Bottle Lake and Waitikiri: the early years

By 1840 Bottle Lake and the Waitikiri swamplands were well recognised as food gathering areas for the local Māori people of Ngai Tahu. Long before European settlers arrived the gathering of eels and other fish had been well established. The area was rich in native plants that provided a constant supply of medicines, and also materials for building, making traps, baskets, weaving, footwear, and weapons.

With the Europeans arriving in increasing numbers there was a need to purchase land. The New Zealand Land Company was established to supervise the legal purchase of land and later became known as The New Zealand Company. The Association responsible for forming the settlement of Canterbury began organising for the new town of Christchurch under the patronage of the New Zealand Company.

The right to purchase 1,000,000 acres over two years was granted to the association by the New Zealand Company. The control the association had over the purchasing of land prevented most squatting situations like those that had occurred in Australia where land was rented cheaply and stock ran unchecked.

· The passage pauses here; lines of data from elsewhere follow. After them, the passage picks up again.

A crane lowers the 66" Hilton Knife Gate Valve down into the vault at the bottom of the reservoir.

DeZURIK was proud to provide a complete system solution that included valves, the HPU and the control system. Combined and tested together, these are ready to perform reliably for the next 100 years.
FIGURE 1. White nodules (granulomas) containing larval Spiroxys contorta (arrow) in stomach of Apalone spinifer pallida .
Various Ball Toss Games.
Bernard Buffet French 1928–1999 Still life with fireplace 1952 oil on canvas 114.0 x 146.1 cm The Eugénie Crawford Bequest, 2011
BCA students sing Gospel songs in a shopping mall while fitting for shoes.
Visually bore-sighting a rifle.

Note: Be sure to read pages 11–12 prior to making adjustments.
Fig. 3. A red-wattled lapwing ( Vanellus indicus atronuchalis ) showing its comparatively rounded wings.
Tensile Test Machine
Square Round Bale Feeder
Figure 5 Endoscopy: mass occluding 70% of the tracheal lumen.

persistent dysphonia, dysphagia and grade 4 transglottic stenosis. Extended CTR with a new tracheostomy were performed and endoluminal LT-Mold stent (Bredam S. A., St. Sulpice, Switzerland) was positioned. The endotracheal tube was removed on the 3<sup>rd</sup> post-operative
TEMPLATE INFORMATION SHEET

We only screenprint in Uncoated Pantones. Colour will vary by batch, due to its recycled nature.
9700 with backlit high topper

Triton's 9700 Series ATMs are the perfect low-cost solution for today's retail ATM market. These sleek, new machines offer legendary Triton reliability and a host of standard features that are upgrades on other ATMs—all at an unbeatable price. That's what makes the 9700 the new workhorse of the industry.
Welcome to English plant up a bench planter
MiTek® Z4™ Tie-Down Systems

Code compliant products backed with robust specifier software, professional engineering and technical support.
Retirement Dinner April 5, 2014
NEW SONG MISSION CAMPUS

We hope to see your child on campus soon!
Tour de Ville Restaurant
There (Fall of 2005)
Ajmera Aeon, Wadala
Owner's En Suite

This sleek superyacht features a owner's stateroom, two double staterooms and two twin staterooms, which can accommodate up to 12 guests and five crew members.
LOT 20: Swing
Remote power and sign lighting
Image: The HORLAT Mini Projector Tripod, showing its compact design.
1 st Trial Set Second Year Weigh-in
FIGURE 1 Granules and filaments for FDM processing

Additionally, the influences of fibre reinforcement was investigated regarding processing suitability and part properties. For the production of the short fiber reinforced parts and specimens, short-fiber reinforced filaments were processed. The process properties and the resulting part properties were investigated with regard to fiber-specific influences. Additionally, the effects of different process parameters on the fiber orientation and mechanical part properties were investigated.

In June 1848, Harry Kemp, Governor Grey’s agent for land purchase, began negotiations to buy land from the Ngai Tahu people on behalf of the New Zealand Company. Large areas of land from Kaiapoi to Otago were divided into runs, and this buying of lands became known as the Kemp Purchase.

One of the runs surveyed encompassed Bottle Lake and the Waitikiri swamplands. It extended from the Waimakariri River to the Southshore Spit and was named the Sandhills Run.

John McLean was the first European to own the land where the lake was situated, having bought it from the New Zealand Company in 1860.

Edward Reece was the next owner and he purchased the land from McLean only two years later. Reece was a Shropshire farmer’s son, and arrived in New Zealand in 1854. He became an astute businessman with a successful ironmongers business, and an interest in local affairs. Reece became a councillor, sitting on the first council meeting that took place on 3 March 1862. It was also Reece who first introduced pinus seedlings into the Bottle Lake area. He built his house over-looking the bottle-shaped lake, and brought in labour to trim the lakes banks and to landscape around the homestead. Cattle were bought with a view to fattening, but this was hampered due to heavy losses with stock being stuck in the bogs. Mr Reece died in 1885 and left his property to his sons William and Charles.

William eventually became Mayor of Christchurch for a short time, and sold the property to Mr Dalgety in 1901. Included in the sale was the fine house that William had built at Bottle Lake called Waitikiri . Research with Māori people suggests several different interpretations of 'Waitikiri' and they are 'muddy water', 'water springs back', 'there it is dug', and 'a lagoon'.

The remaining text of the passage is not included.